Microphones hidden among flowers in specific geographic areas (Oregon, Idaho and Missouri) picked up nary a buzz. The recordings didn't differentiate between bee species, but most bees in the study were bumble bees (Bombus) and honey bees (Apis mellifera). In areas where totality was 90 percent, the microphones picked up only a single buzz every few minutes.
"We anticipated, based on the smattering of reports in the literature, that bee activity would drop as light dimmed during the eclipse and would reach a minimum at totality," Candace Galen, professor of biological sciences at the University of Missouri and lead researcher on the study," said in a statement released by the Entomological Society of America. "But, we had not expected that the change would be so abrupt, that bees would continue flying up until totality and only then stop, completely. It was like 'lights out' at summer camp! That surprised us."
Interestingly, there have been only a smattering of studies describing the behavior of insects during an eclipse, which is why no one knew exactly what the bees would do.

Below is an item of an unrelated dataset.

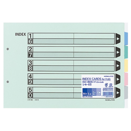 コクヨ カラー仕切カード(ファイル用・5山見出し) A4ヨコ 2穴 5色+扉紙 シキ-65 1パック(10組)
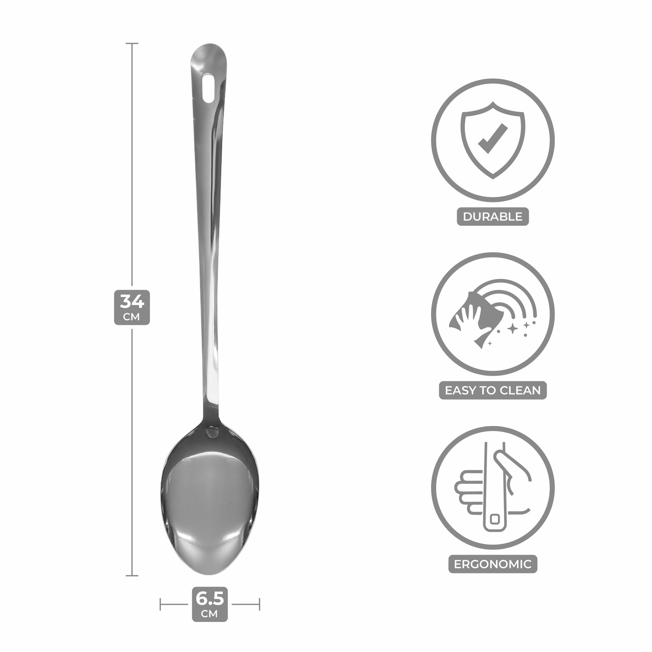 GENEROUS DIMENSIONS: Measuring 34 cm in length and 6.5 cm in width, this serving spoon offers ample capacity for serving soups, stews, curries, and other dishes

During totality the bees stopped all activity; however, researchers found, the bees were active in the moments leading up toward totality and after totality. Their buzzing lasted longer, as did their flight time, suggesting the insects were flying longer and slower due to limited light, or they were heading back to their hives.
"The eclipse gave us an opportunity to ask whether the novel environmental context — mid-day, open skies — would alter the bees' behavioral response to dim light and darkness. As we found, complete darkness elicits the same behavior in bees, regardless of timing or context. And that's new information about bee cognition," Galen said.